# Warning: Don't buy from http://exclusivelyhedgehogs.com/index.htm



## silverbell_angel (Apr 17, 2012)

Hi Guys,

I want to just warn other fellow hedgehog owners out there to be careful and not buy from the following site:
http://exclusivelyhedgehogs.com/index.htm

I've order from them back last week of Nov. Till now I still have not gotten anything. I've tried contacting them numerous times. Figure I'll warn everyone else out there to beware of this site.
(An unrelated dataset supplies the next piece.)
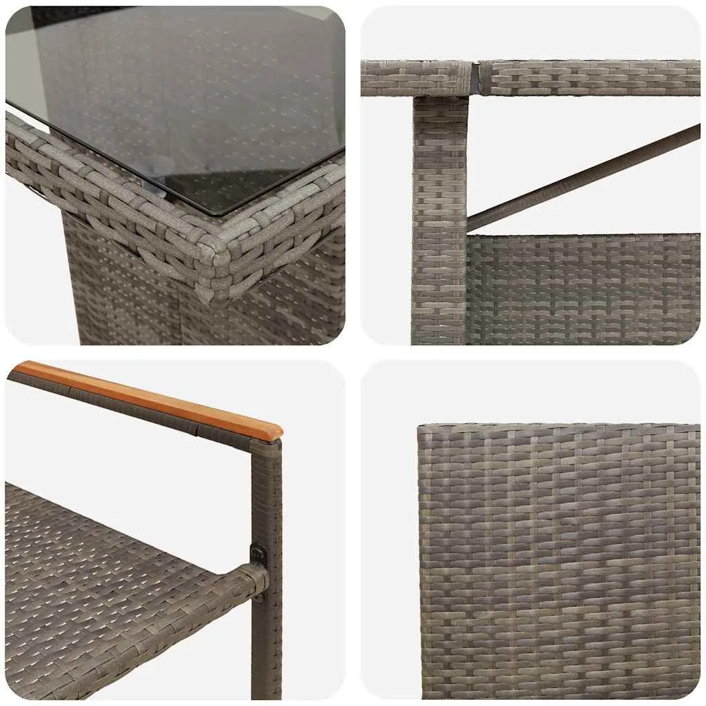 - Polürotangi ehitus Kvaliteetsest polürotangist ehitatud, tagab see söögikomplekt vastupidavuse ja stiili, olles samal ajal ilmastikukindel, sealhulgas vihma ja UV-kiirguse suhtes. Tugev materjal teeb sellest pikaajalise lisa igasse välistingimustes.
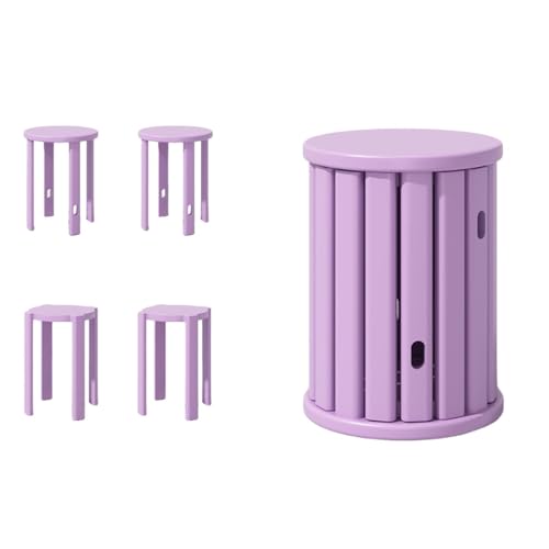 Multi-Color Wooden Stackable Stools Set of 4 4-in-1 Round Stacking End & Side Table, Versatile Stacking Stools for Dining/Kitchen/Bedroom/Living Room, Space-Saving & No Assembly Purple

I figure maybe there's a delay in shipping since I'm in Canada, but it should not have taken this long and I have gotten absolutely no replies to my emails. :-(


----------



## CoffeeKat (Jan 15, 2014)

Wow, just stumbled across this site yesterday and got all excited, with plans to order some "stuff" today. Thanks for the heads up, but what a disappointment! There are some awesome things in there.


----------



## hlsiefken (Jan 23, 2014)

I was going to say that, that website looks pretty old and outdated.. the last time they copyrighted is at the bottom of the page and it says 2003!!


----------



## Nancy (Aug 22, 2008)

They used to be really good but I've seen a few things in the past year saying people were not getting orders.

There is no difference shipping to Canada other than the time the package spends in customs. Usually that is a day or two or maybe a bit longer during the Christmas rush. 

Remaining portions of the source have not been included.